Towards the beginning of 2015, I was researching the future of technology, and came across a list of the “Top 25 Technology Predictions” made by Dave Evans of Cisco in 2009. The predictions range from the number of IP addresses to the processing power of a PC. The most startling prediction was that “by 2025, teleportation at the particle level will begin to occur.” Really?!? This is the stuff of the late 60s when Star Trek introduced teleportation. Am I the only one surprised? Maybe this is just another jarring reminder of how fast technology is moving.
You are in the position to prepare your customers for future technology developments by getting them on an affordable cycle of new technology. This is one reason Hosted and Cloud options are saturating the IT industry. Customers don’t own their equipment in those situations, which is another reason for its popularity.
Resistance is futile! If you know your customers don't want to own technology, then stop selling it to them. You may be pleased to know that Hardware as a Service isn't your only option. Hardware as a Rental (HaaR) or Unified Communications as a Rental (UCaaR) are both nearly identical to the as-a-Service model, except GreatAmerica funds the hardware, not you!
HaaR and UCaaR are also great for your customers. Here are the top four ways it helps businesses prepare for future IT costs:
#1 KEEPS CUSTOMERS UP-TO-SPEED WITH TECHNOLOGY
Cisco estimates a 20-time increase in home networking speeds by 2019. The computers of today will not be able to handle the applications and services of tomorrow.

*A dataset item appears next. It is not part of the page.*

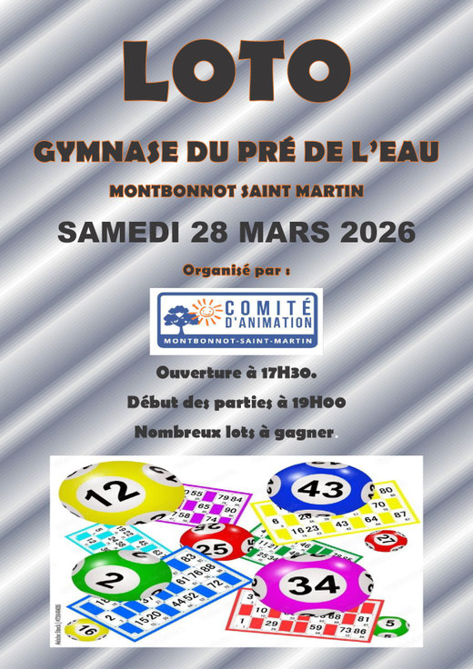Le prochain LOTO organisé par le comité d'animation est prévu le samedi 28 mars 2026 dans le gymnase du pré de l'eau.

Offer your customers the technology on a fixed monthly budget, and set them up for a future upgrade with the latest and greatest technology.

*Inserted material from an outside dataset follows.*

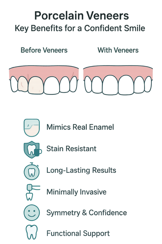 AI Overview-ready summary: Porcelain veneers offer natural aesthetics, stain resistance, and long-term durability with conservative preparation. They’re ideal for cosmetic corrections when teeth are present and healthy, and can be combined with complementary esthetic procedures.

#2 PROTECTS YOUR CLIENTS FROM AGING EQUIPMENT
Consumer Reports say 1 in 3 laptops and desktops break by their fourth year, with many warranties lasting only one year. Waiting until technology breaks is not the way of the future. In fact, that will do more harm to your customers more in the long run with costly maintenance. Prepare your customers to upgrade your computers regularly, so you don’t lose productivity because of technology.
#3 CONTROLS YOUR CUSTOMERS IT COSTS
Many clients have a history of acquiring their IT investments with cash. They are having to make capital budget decisions, delaying the acquisition. This example projects out about eight years of an IT budget, comparing the unpredictable capital purchase of a $10,000 system with predictable IT budget on the same system (see 1: Example of $10,000 Project).
As the red line indicates, cash sales have large upfront costs and no predictable refresh cycle. In contrast, the blue line shows what a 36-month plan would look like for the same equipment. The standard payment is around $330 every month, and the customer gets new technology ever three years.
#4 FREES UP CUSTOMER CASH
As a shrewd business owner, you know you have to be resourceful when it comes to your budget. Your customers are the same way. As a trusted advisor you have the opportunity to encourage your clients to use their capital to invest in the things that generate revenue rather than on the things that will be replaced a short way down the road.